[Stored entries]
_____
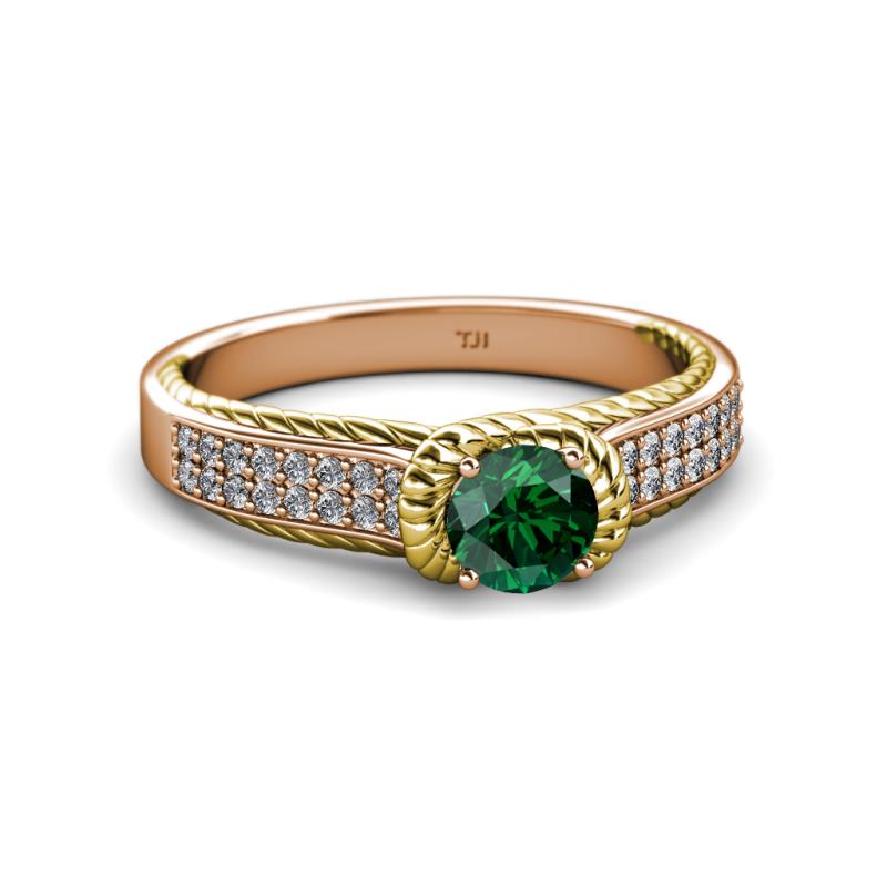 This Elegantly Designed Two Tone Solitaire Plus Engegement Ring in 18K Rose Gold have Double Row of Diamonds with Emerald that is artstically surrounded with Yellow Gold Rope which continues to adorn the Shank overlapping below the Head giving a Heavenly beauty and timeless Elegance.
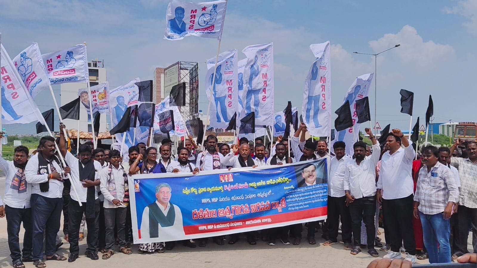 మాదిగ రిజర్వేషన్ పోరాట సమితి ఆధ్వర్యంలో కలెక్టర్ కార్యాలయం వద్ద ర్యాలీ* నేటి సాక్షి తిరుపతి (బాదూరు బాల)సుప్రీం కోర్టు ప్రధాన న్యాయమూర్తి బీఆర్ గవాయ్ పై దాడి చేసిన వారిని వెంటనే అరెస్ట్ చేయాలని డిమాండ్ చేస్తూ మాదిగ రిజర్వేషన్ పోరాట సమితి ఆధ్వర్యంలో దళితుల ఆత్మగౌరవ ర్యాలీని తిరుపతిలోని కలెక్టర్ కార్యాలయం నిర్వహించారు ఈ సందర్భంగా నాయకులు మాట్లాడుతూ సుప్రీం ప్రధాన న్యాయమూర్తి బి ఆర్ గవాయ్ పై దాడి చేసిన వారిని వెంటనే అరెస్టు చేయాలని దాడి వెనుక ఉన్న శక్తులను గుర్తించి వారికి కూడా శిక్షలు పడేలా స్వతంత్ర దర్యాప్తు చేయాలి. అందుకోసం సుప్రీం కోర్టులో ప్రజాస్వామికవాదులుగా గుర్తించబడ్డ సినియర్ జడ్జిలతో విచారణ చేయించాలన్నారు ఇలాంటి సంఘటనలు పునరావృతం కాకుండా తగు చర్యలు తీసుకునేలా కేంద్ర, రాష్ట్ర ప్రభుత్వాలు తగిన చర్యలు చేపట్టాలని డిమాండ్ చేశారు. అనంతరం కలెక్టర్ కు వినతిపత్రాన్ని అందజేశారు ఈ కార్యక్రమంలో తిరుపతి జిల్లా ఇన్చార్జి వావిళ్ళ శివయ్య, దేవదాసు తిరుపతి ఎమ్మార్పీఎస్ నాయకులు మాసారుపు గోపి, కారుమంచి మధు తదితరులు పాల్గొన్నారు
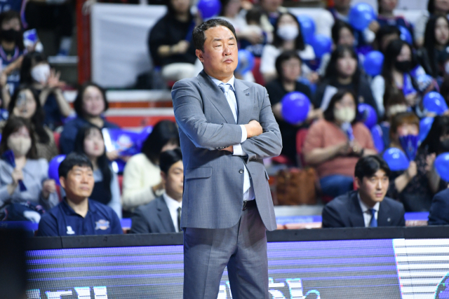 KCC 전창진 감독이 8일 오후 SK와 KBL 6강 플레이오프 3차전에서 선수들의 경기를 지켜보고 있다. KBL 제공
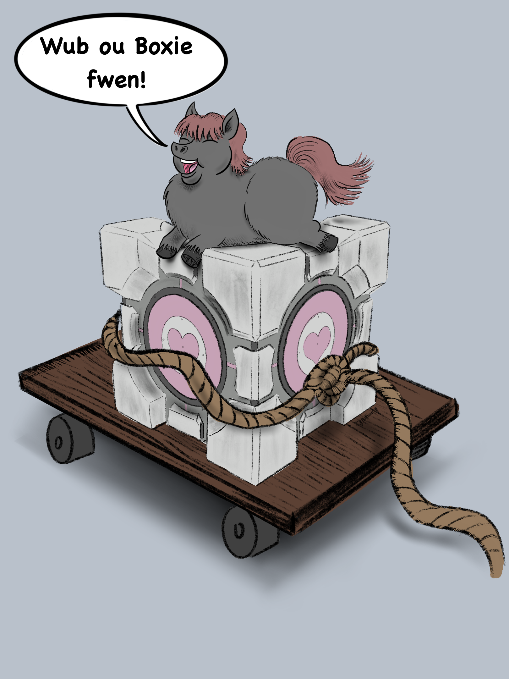 Fan art of @Julie OC Grayson and the companion cube. Both from a Portal crossover Story called Fluffy and boxie friend.
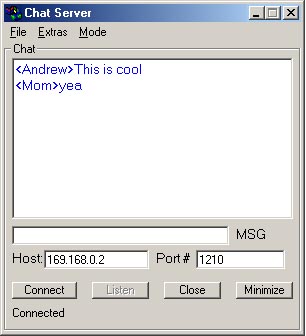 Fully loaded chat program. Uses winsock control. Can save and print chat session. Can start with windows using the registry. Sound clip upin incoming message and window comes to front of screen. Can change color of text. Single client/server in one exe file. Has auto update feature and retrieves newwest version if there is one. File transfer and ping.
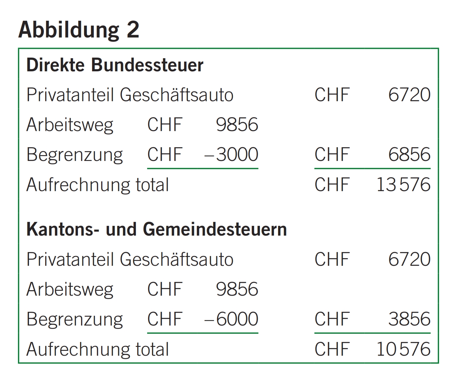 Geht man in unserem Beispiel davon aus, dass Herr Müller geschäftlich oft unterwegs ist und deshalb ein Geschäftsauto hat, so kann Herr Müller die privat gefahrenen Kilometer mittels Erfassungen im Bordbuch oder mit der Pauschalmethode abrechnen. Unter der Annahme, dass der Anschaffungspreis des Fahrzeugs 70 000 CHF (exkl. MWST) beträgt, so ist der Privatanteil bei 6720 CHF pro Jahr anzusetzen. Dieser Betrag von 6720 CHF ist, sofern Herr Müller diesen Betrag der Arbeitgeberin X AG nicht bezahlt, als steuerbare und sozialversicherungspflichtige Gehaltsnebenleistung auf dem NLA zu deklarieren. Ferner kann Herr Müller keinen Abzug für den Arbeitsweg geltend machen.
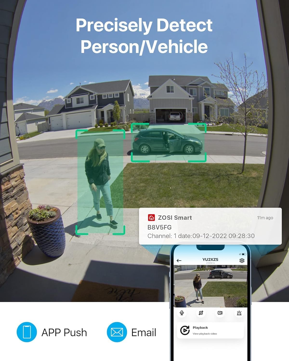 【AI-Powered Human & Vehicle Detection】Advanced AI algorithms accurately distinguish between people, vehicles, and other objects, reducing false alerts. Receive instant mobile notifications and email alerts for motion detection.
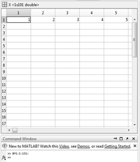 Запускаем Matlab. В Matlab выполняем заполнение массивов X и Y двумя способами. Для создания массива Х выполним следующую
_____
_PROBLEM REQUIREMENTS_. In the data, the line that contains "for motion detection." begins the part to write out; restate it and each line after it word for word through the end, with no pictures.

_WRITTEN REPLY_.
 【AI-Powered Human & Vehicle Detection】Advanced AI algorithms accurately distinguish between people, vehicles, and other objects, reducing false alerts. Receive instant mobile notifications and email alerts for motion detection.
 Запускаем Matlab. В Matlab выполняем заполнение массивов X и Y двумя способами. Для создания массива Х выполним следующую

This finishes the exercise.